The most studied and important virulence attribute of C. albicans is its ability to reversibly switch morphologies, between yeast, pseudohyphal and true hyphal growth. Temperature, CO2, pH, serum, quorum sensing molecules, nutrient availability and hypoxia all regulate morphogenesis [51]. As outlined above, each of these morphologies play distinct roles in colonisation and parasitism, and inhibition of morphogenesis dramatically inhibits fungal virulence. Other important virulence factors include the expression of adhesins (i.e. ALS family) and cell wall proteins (i.e. Hwp1) that enable attachment to host cells [52]. The Als5 adhesin is expressed during commensal growth, but repressed during pathogenicity. In agreement with Als5 playing a role in fungal commensalism, expression of C. albicans Als5 in S. cerevisiae promotes colonisation of the nematode gastrointestinal tract, without affecting survival [53]. Therefore, Als5 may be a critical factor for C. albicans commensalism. Once attached, C. albicans can actively penetrate mucosal barriers. The expression of SAPs are thought to be essential to this process, degrading proteins on host cells, and disrupting the host’s protective barriers (i.e. degradation of mucin) [54]. Due to the role of SAPs in epithelial damage SAP expression is correlated with virulence rather and commensalism [29]. Finally, C. albicans induces epithelial damage through the secretion of candidalysin, a novel pore forming peptide. Candidalysin is predominately expressed by hyphal cells and is responsible for the majority of host damage exerted by C. albicans [55]. The role of candidalysin in commensalism has not been extensively studied, but deletion of candidalysin does reduce colonisation levels in murine models of OPC [51], suggesting that candidalysin may play roles in commensalism and well as pathogenesis.
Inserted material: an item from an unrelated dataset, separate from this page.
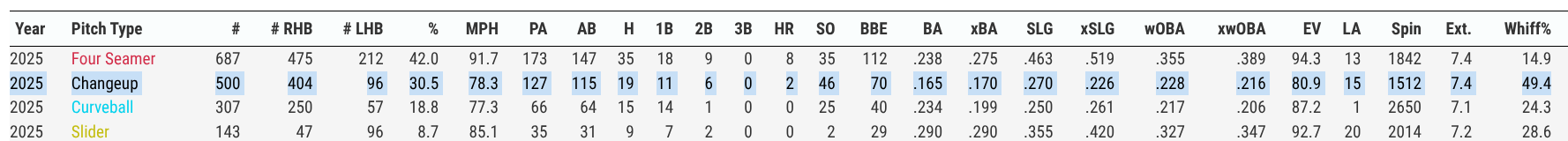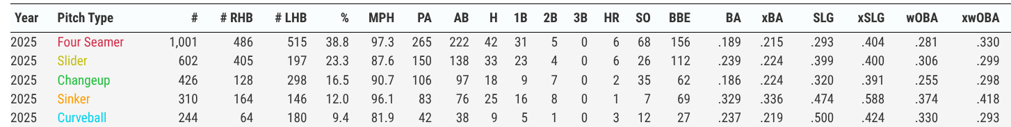 One area we will also want to see further improvement in 2026 is his walk rate. In 2025, he posted an 11% walk rate, which ranked him in the 11th percentile. This directly corresponds to his low chase rate, as he clearly was not getting hitters to swing out of the zone. This happens with young pitchers and is not something to be overly concerned about.

In addition to this repertoire of fungal virulence factors, C. albicans can also modulate the structure of its cell wall to either conceal or reveal immune stimulatory PAMPs on its surface [5658]. This pliability of the cell wall architecture enables C. albicans to control the innate immune response. Therefore, C. albicans has uniquely positioned itself as a commensal symbiont, with a plethora of ways to sense and respond to changes within the host that ensure successful transition from commensalism to parasitism and initiation of disease during periods of weakened host defences.

Conclusion

Fungi form an important part of our microbiome, with symbiotic relationships ranging from commensal to parasitic. The symbiotic relationship between humans and fungi is greatly underappreciated and under researched. Given that many fungi are opportunistic pathogens, understanding the balance and transitions between these relationships is vital for the future of medial mycology.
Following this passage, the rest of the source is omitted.